What is expected:
Please repeat each line below exactly, with no images in the copy.

Data below:
• • • •

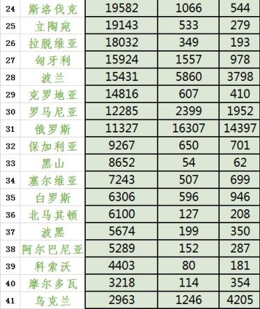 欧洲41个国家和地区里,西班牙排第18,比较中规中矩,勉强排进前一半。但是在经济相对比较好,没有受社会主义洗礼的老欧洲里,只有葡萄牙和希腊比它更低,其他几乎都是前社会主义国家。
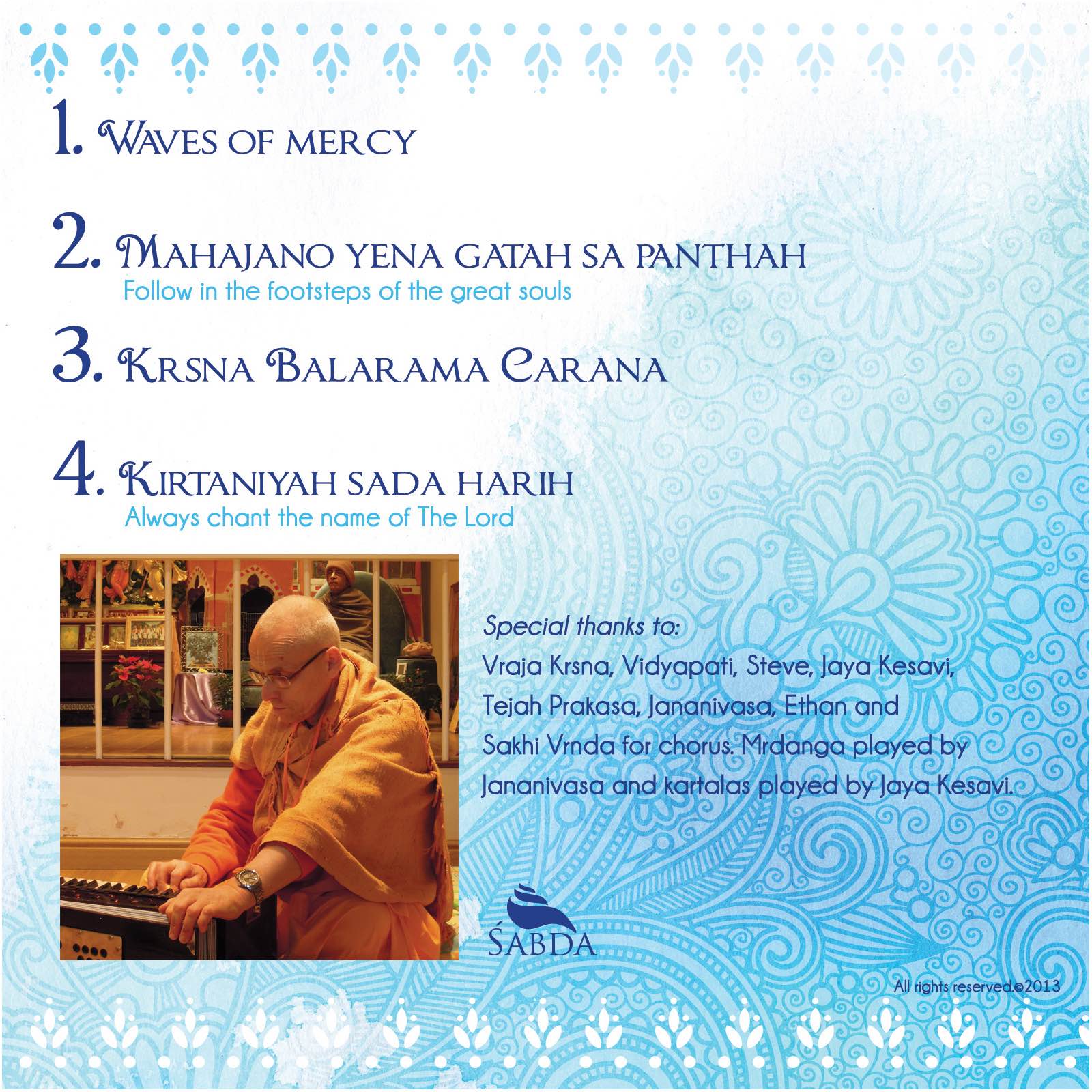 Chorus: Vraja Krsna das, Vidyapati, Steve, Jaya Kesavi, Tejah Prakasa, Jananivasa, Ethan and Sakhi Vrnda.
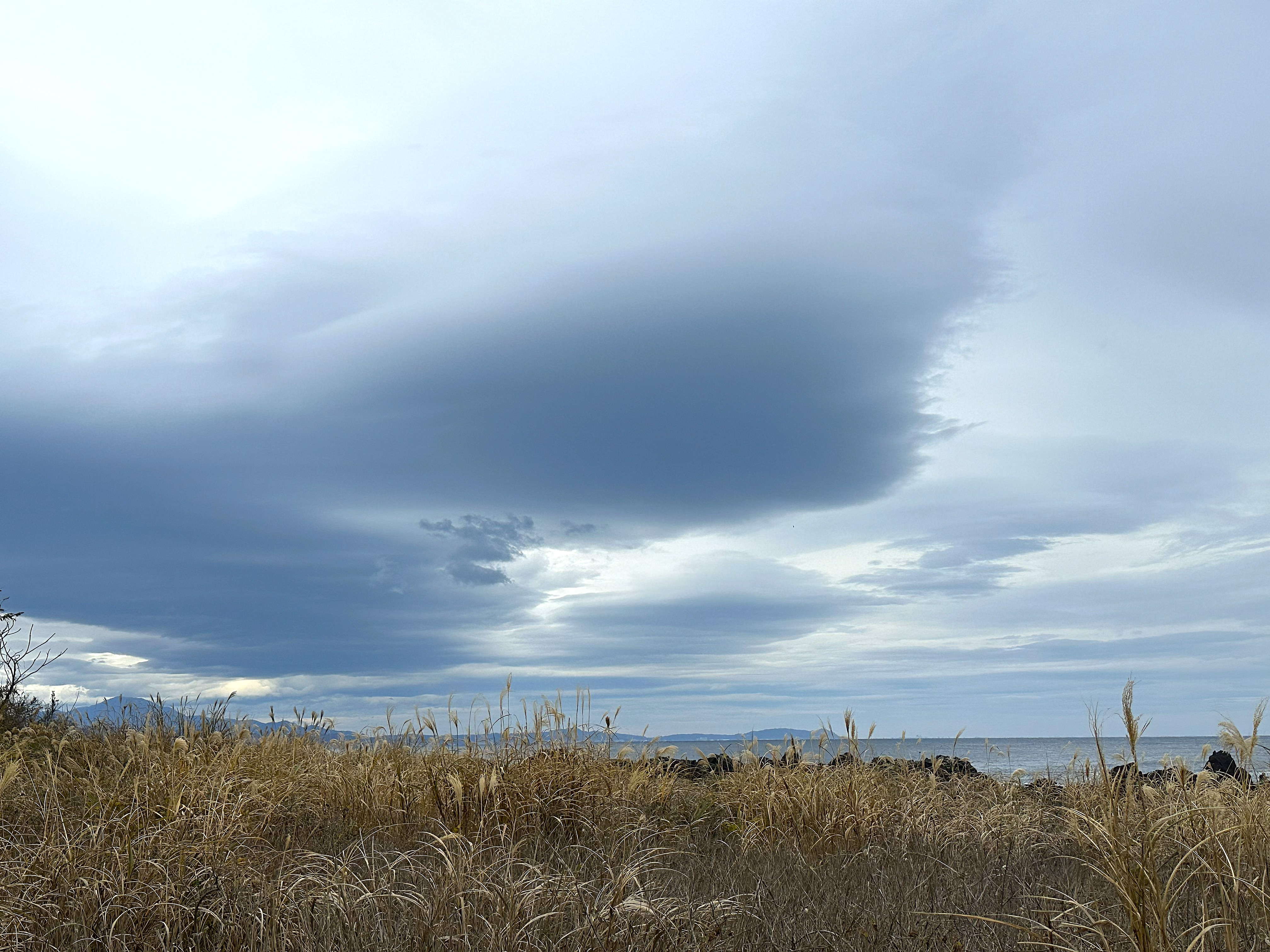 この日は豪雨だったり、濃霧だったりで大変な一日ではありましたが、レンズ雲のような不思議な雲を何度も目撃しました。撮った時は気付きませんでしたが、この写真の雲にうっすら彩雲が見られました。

• • • •

Response to the task:
 欧洲41个国家和地区里,西班牙排第18,比较中规中矩,勉强排进前一半。但是在经济相对比较好,没有受社会主义洗礼的老欧洲里,只有葡萄牙和希腊比它更低,其他几乎都是前社会主义国家。
 Chorus: Vraja Krsna das, Vidyapati, Steve, Jaya Kesavi, Tejah Prakasa, Jananivasa, Ethan and Sakhi Vrnda.
 この日は豪雨だったり、濃霧だったりで大変な一日ではありましたが、レンズ雲のような不思議な雲を何度も目撃しました。撮った時は気付きませんでしたが、この写真の雲にうっすら彩雲が見られました。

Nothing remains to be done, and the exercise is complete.